And believe it or not, I’d have agents call me, homeowners call me. And they’re like, “Hey, Pam, we didn’t know you were in real estate. This is super cool. I have an uncle who’s looking to sell his two family or whatever.” All my deals happened organically through my relationships, which was amazing. And that’s how I got a steal of a deal, even at the biggest height of the market, which was insane. But yeah, the total valuable tool, small businesses are so key for the locations that you want to get into and the local pizza guy is the guy. He’s going to get you the deals.

David:
All right, Pamela, thank you so much for sharing your story. I think this is awesome. It’s a wonderful American success story. You started off with an entrepreneurial family. Your father starts a business. He is not afraid to start in the trenches delivering pizzas himself, bringing you in the car with him. He’s bringing you to work and you’re making these memories and bonding together as you’re jamming out to the music of DJ Pammy B, you go from cassette tapes to CDs to MP3s and eventually start your own business, realize you’re too ambitious for the corporate world, follow in their footsteps, but amplify the success that your family had, making it even bigger. Not afraid to do things differently, like putting your information on a pizza box and finding the right mentors. I love hearing this. I hope more people are inspired by this and copy it. Rob, what do you think?

Rob:
I agree with that. I think we have a story of adaptability and how that helped create a nine figure portfolio.

David:
So Pamela, for people that want to know more about this fascinating journey you’ve been on, where can they reach out and find out more about you?

Pamela:
Absolutely. So I’m on Instagram, LinkedIn, Facebook, all over Pamela Bardhi, B-A-R-D-H-I, and it’s also my website, www.pamelabardhi.com.

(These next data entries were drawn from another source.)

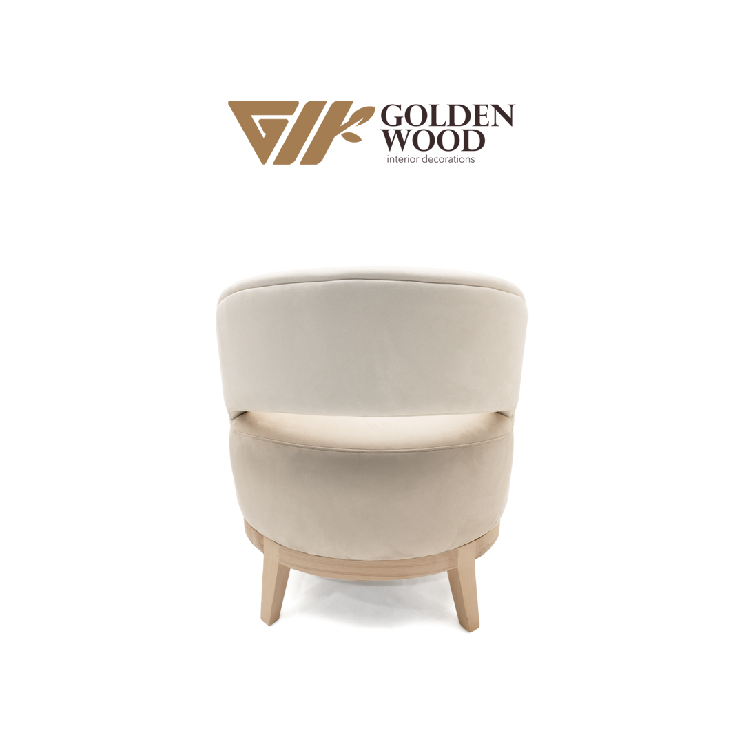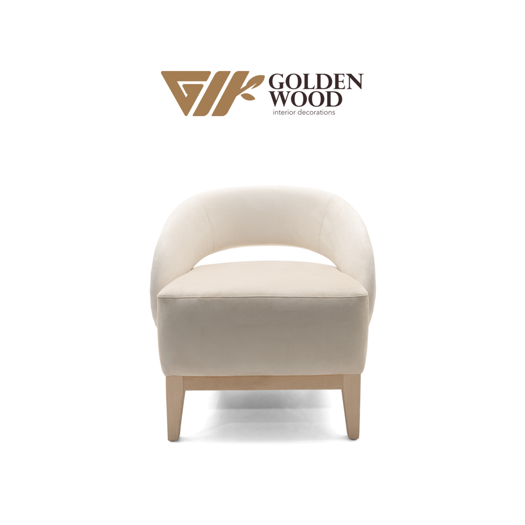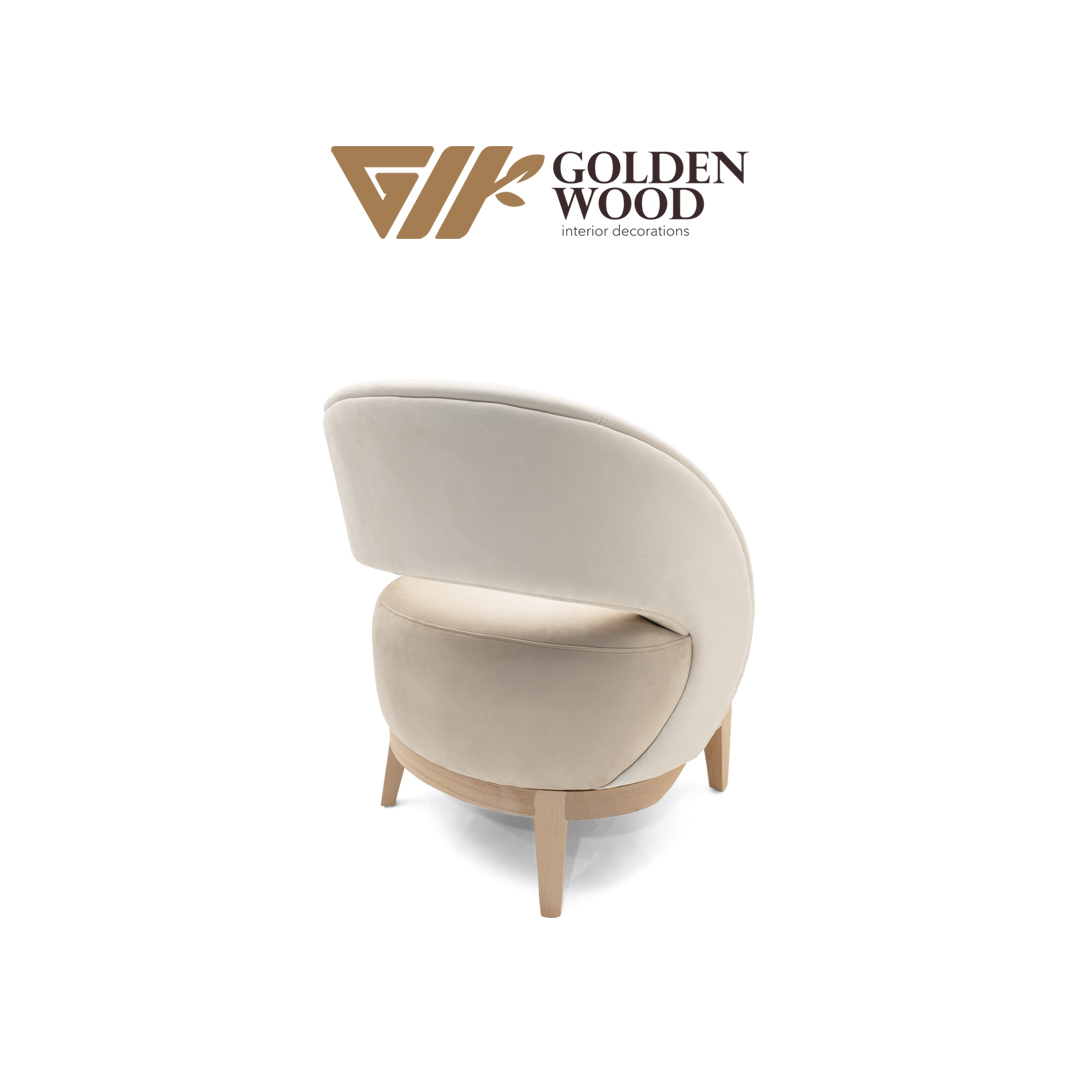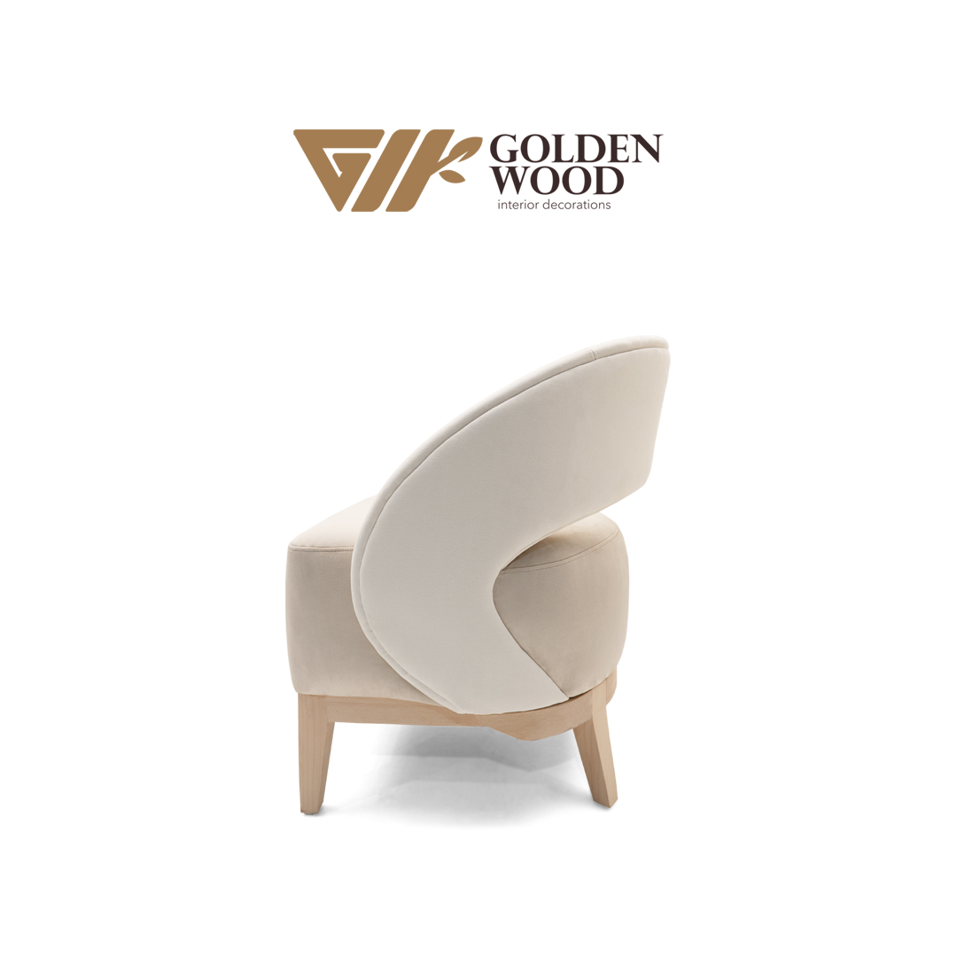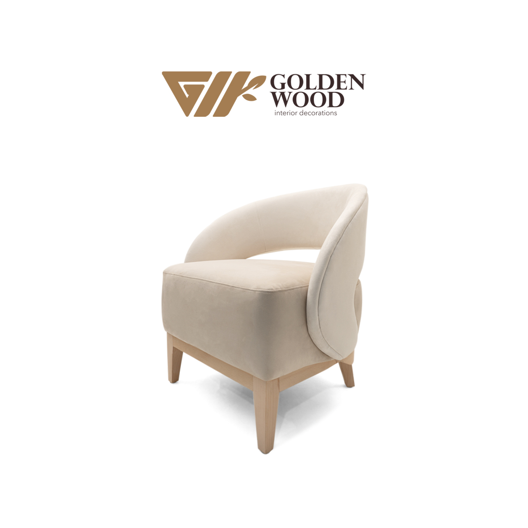 Gracefully sculpted for modern interiors, the Serenova Curve Accent Chair by Golden Wood blends minimalist design with organic warmth. Its rounded backrest flows seamlessly into the armrests, creating a soft, enveloping silhouette that invites relaxation. Upholstered in a creamy beige fabric and supported by natural wood legs, this chair offers a harmonious balance of comfort and style. Whether placed in a reading nook, living room, or boutique space, Serenova adds a touch of quiet sophistication to any setting.
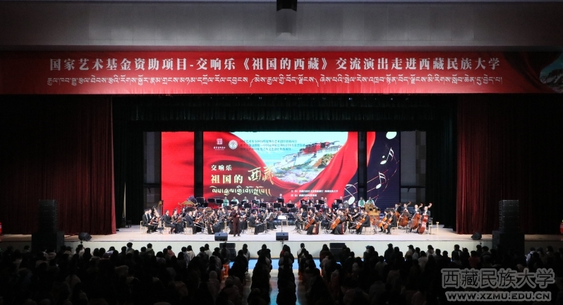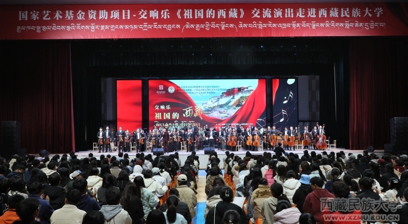 11月16日至17日,由西藏自治区文化和旅游厅主办的交响乐《祖国的西藏》交流演出在我校渭城校区文体馆成功举办,来自西藏自治区歌舞团交响乐团、甘肃交响乐团的80余位艺术家携手为各族师生带来了一场视觉、听觉与心灵的艺术盛宴。学校领导、离退休干部代表、师生代表以及西藏自治区人民政府驻咸阳干休所职工代表等5000余名观众到场观看。
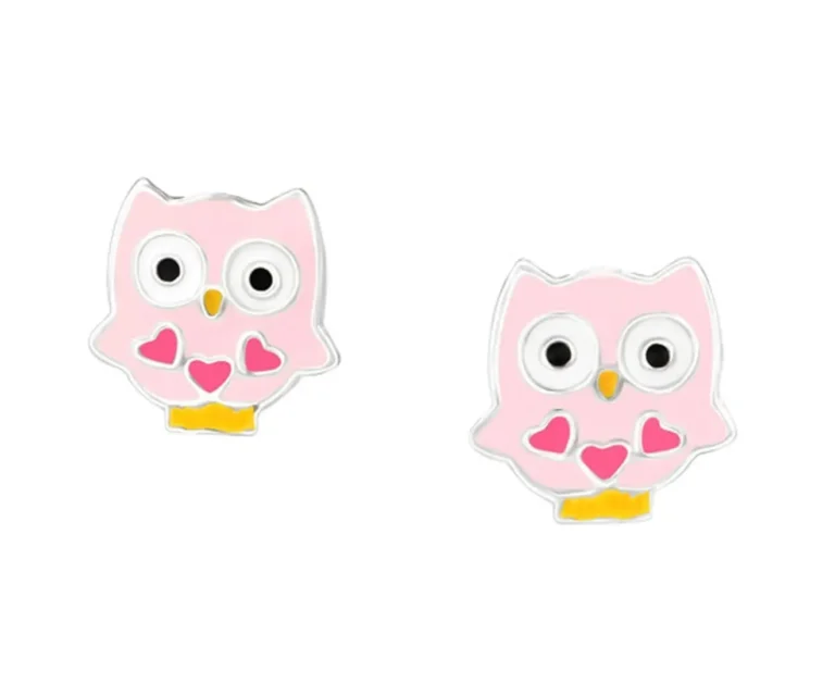 Elegant Children’s Sterling Silver Owl Stud Earrings – Perfect Gift on Card
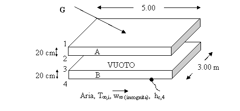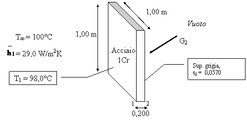 - le sup. 1 e 2 sono piane, indefinite e grigie, e sono separate dal vuoto: la loro emittenza è pari a 0,280;
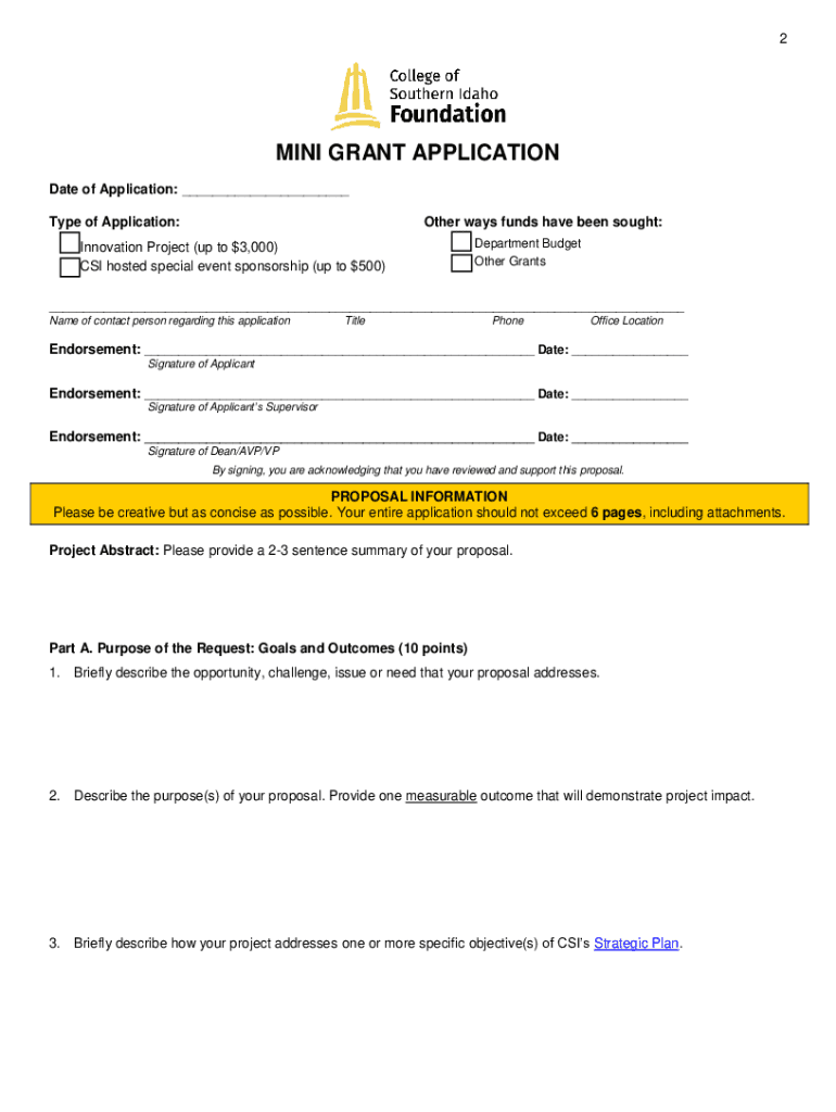 1MiniGrant Guidelines REQUIREMENTS 1. The CSI Foundation minigrants are awarded to faculty, staff, and administration for new, innovative projects that aren't able to be financially supported by the
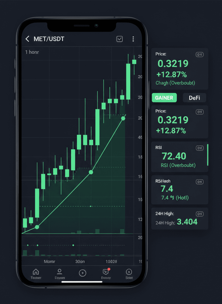 Das MET/USDT-Paar zeigt einen starken bullischen Anstieg im DeFi-Sektor und wird derzeit bei 0,3219 $ gehandelt – ein beeindruckender Anstieg von +12,87 % in den letzten 24 Stunden. Dies platziert es fest im Bereich der #Gainer, unterstützt von einem starken Handelsvolumen von über 15 Millionen USDT. Technisch gesehen wird der Preis deutlich über dem Parabolic SAR-Niveau von 0,2936 $ gehandelt, was eine robuste Aufwärtstrendstruktur bestätigt. Der RSI(6)-Wert von 72,40 weist jedoch auf überkaufte Bedingungen hin, was die Notwendigkeit für eine vorsichtige Beobachtung des Momentums nahelegt. Der MACD bleibt positiv ausgerichtet mit einem bullischen Histogramm, was die kurzfristige Stärke verstärkt. Händler sollten den wichtigen Widerstand bei 0,3404 $ (24-Stunden-Hoch) für einen möglichen Ausbruch beobachten, während 0,2936 $ als kritische Unterstützung des Trends dient. Mit MET, das eine so dynamische Preisdynamik zeigt, bleibt es ein Token, das in den kommenden Sitzungen genau beobachtet werden sollte.
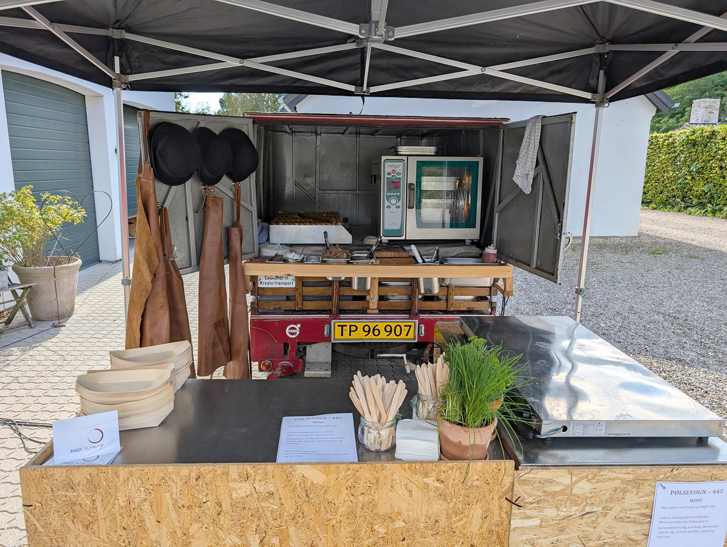 Vi tilbyder også kombi-setup med drikkevarer, kaffe og kage – og i samarbejde med vores venner fra Ristet Rug kan vi lave et ægte dansk madunivers med rug og pølser, serveret fra den nostalgiske pølsevogn.
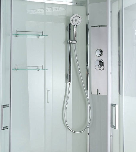 - Душевая штанга(позволяет регулировать по высоте ручную лейку), ручная арома-лейка с витамином С (картридж в комплекте, есть возможность замены или удаления картриджа), полочки(из стекла, с ограничителем), сифон с гидрозатвором.
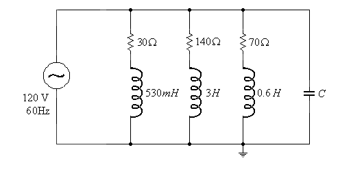 2. Find a value for C so the main current (current through the source) is in phase with the voltage
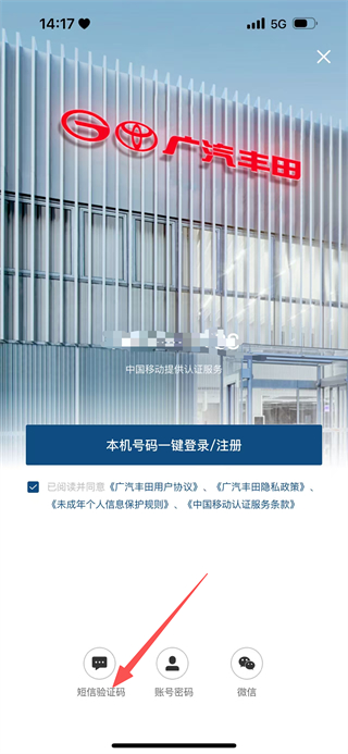 3、在登录方式选择页面,点击短信验证码,进入手机号输入页面。
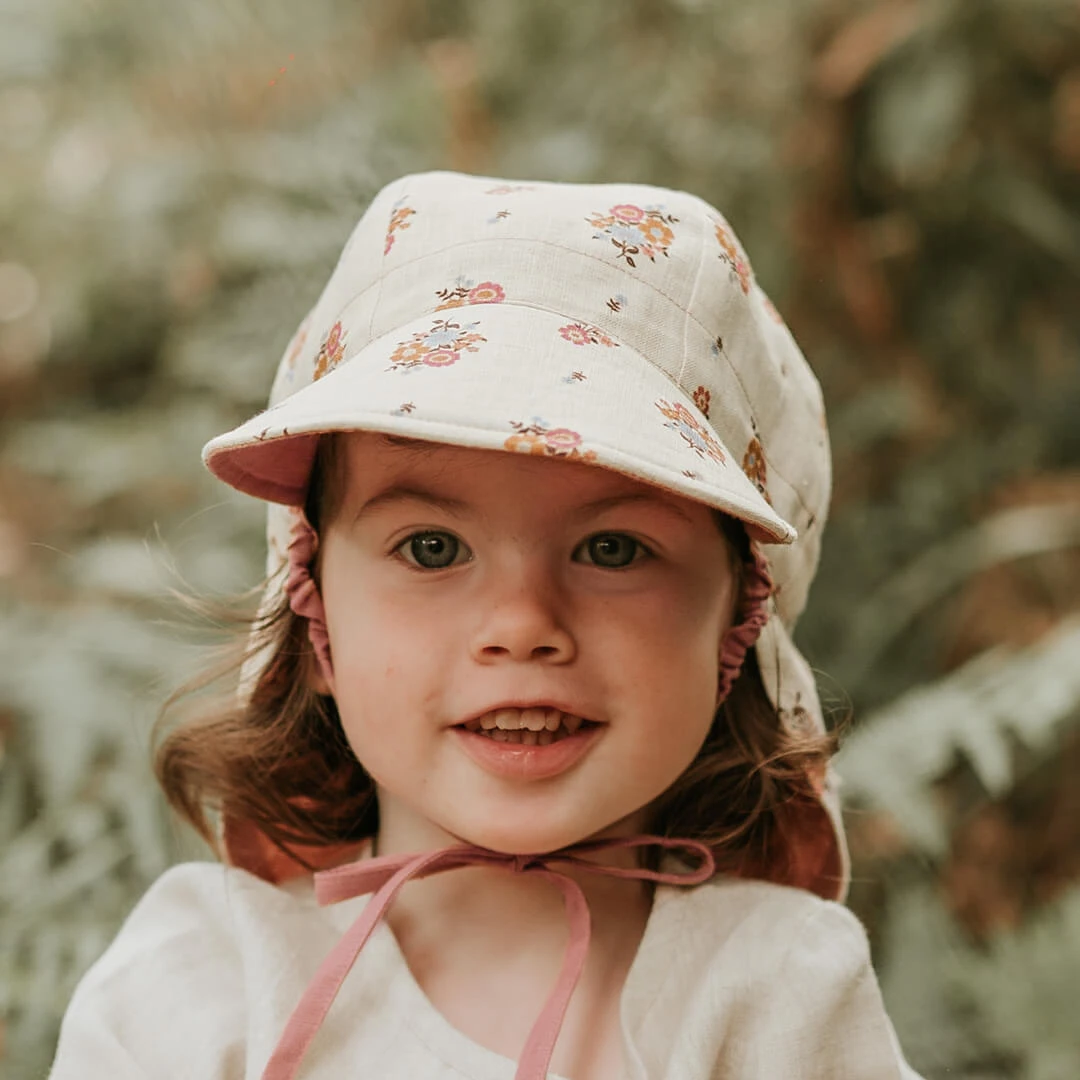 Bedhead Heritage Lounger Baby Flap Hats are light on heads, making them the ideal first hat for babies as they forget they're wearing them! The soft flap lies flat behind baby's neck while they're in a pram or baby carrier, and the brim is slightly upright letting them see the world. Made from 100% eco-friendly linen which can self-cool in summer and warm in winter, the Lounger hat provides UPF50+ sun protection without overheating little heads.

To reach out and find me there, DM me, I’m always floating around just living life. So please reach out to me anytime. Any way that I can help you, I’m here, man. I just want to see people rock it and slay it. I mean, what real estate has done in my life, I mean from delivering pizzas to a nine figure real estate career, featured in Forbes and Time Magazine by the time I was 27. If that could happen for me, a kid that came to this country with absolutely nothing and was able to build that just through hustle, it can totally happen for you.

David:
It all started with avoiding that Boston accent. I really think that the skills that you built resisting the urge led to the amazing success you have now. Rob, where can people find out more about you?

Rob:
Oh, they can find out more about me on the Apple Podcast store where you can leave us a five star review and we appreciate it. I appreciate it so much that I’m not even going to plug my channels because I would rather you just go there, just give us a quick little, “Oh, hey, five star. Rob and Dave are so funny. We love these guys. We learned so much about real estate.” That way we can get served up to new audiences and hopefully inspire more people to have amazing stories like Pam. David, what about you?

David:
Well, I need a pity follow because Rob has so many more followers on YouTube than me. So I will ask for a pity follow. I’m not too proud to beg. Please go to YouTube.com at DavidGreene24 and subscribe to my channel there. Or check out davidgreene24.com or DavidGreene24 all over social media, the most boring screen name in all of the real estate space, which forces me to make up for it with better content. Pam, thanks again so much. This was a blast. Thank you for sharing your story. We’ll have to have you back on again. This is David Greene for Pamela, the life of the party, Bardhi and Rob Salt Bae, Abasolo signing out.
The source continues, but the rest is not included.